Feb 3, 2012
I guess by now you have all read the posts on my days that I did not write. I originally set them for release on March 11, because that was when I was ready to tell. I don't tell until after the first trimester, I know things are uncertain for me at best.
After two ultrasounds (when the heartbeat went from 80 to 114 BPM), we went for a third yesterday.
Only 2 of 6 pregnancies have ended with a live birth. I cry mostly this time because I have never intended my Daughter to be an only child. And she isn't, but now I face the reality that for all practical purposes she is and could remain. It is very sad to know that for a brief time I had my perfect family. I had a girl and a smiling baby boy, and all that is gone now.
I looked at this pregnancy as something to hope for, my husband looked at it as partially a chance to 'do things right'. But it has all vanished as vapor.

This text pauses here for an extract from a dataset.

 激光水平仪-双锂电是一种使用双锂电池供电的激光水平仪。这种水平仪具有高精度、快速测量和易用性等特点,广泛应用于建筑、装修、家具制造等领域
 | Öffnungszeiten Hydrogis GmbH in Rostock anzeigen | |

I hear from older parents 'at least you can have another child'.
No, it is not that simple.
I loved my children as blessings not as just normality in my life because I recognized they survived inspite of all the odds.
And now I know that even when you have a child they can never be taken for granted.

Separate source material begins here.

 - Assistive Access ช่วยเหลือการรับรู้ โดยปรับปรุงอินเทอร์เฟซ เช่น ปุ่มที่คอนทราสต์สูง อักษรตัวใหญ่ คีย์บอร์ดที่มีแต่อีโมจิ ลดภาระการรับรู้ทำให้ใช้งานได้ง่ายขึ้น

In this life, you can only guarantee the present and love them here and now. As is true with anybody.
In the end all will be made right, but I continue this journey for now.
I always felt sorrow for the people that believed the best part of their lives was in high school. For the time being, I feel my best was when Perry was alive. And it saddens me.

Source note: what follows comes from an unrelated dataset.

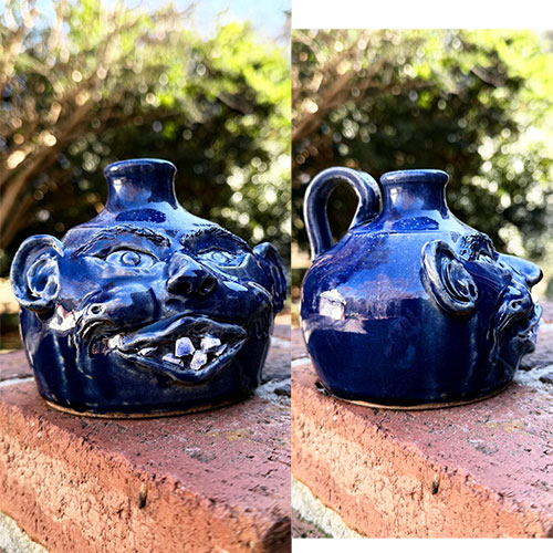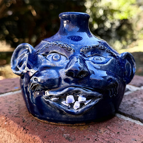 Liz Bloodgood creates pottery that blends tradition with expressive artistry. A graduate of Purdue University, Liz has developed a distinctive style rooted in the time-honored practices of wood firing and salt glazing. Her work often takes the form of face jugs and whimsical animal figures, each piece carrying a strong sense of character and storytelling.

I have had no innocence with pregnancy since I lost my first. I wish I could have been left in innocence with children. But I have not. And I continue to live, oddly richer and so much poorer for it at the same time. My eyes are clearer, even with the film of tears, than they have ever been. But oh to see Perry Bryce again even if I could not keep this knowing, I would do it in a heartbeat.
A heartbeat... A simple tiny thud of muscle. Just a moment in time repeated for life to continue. Even that eludes me.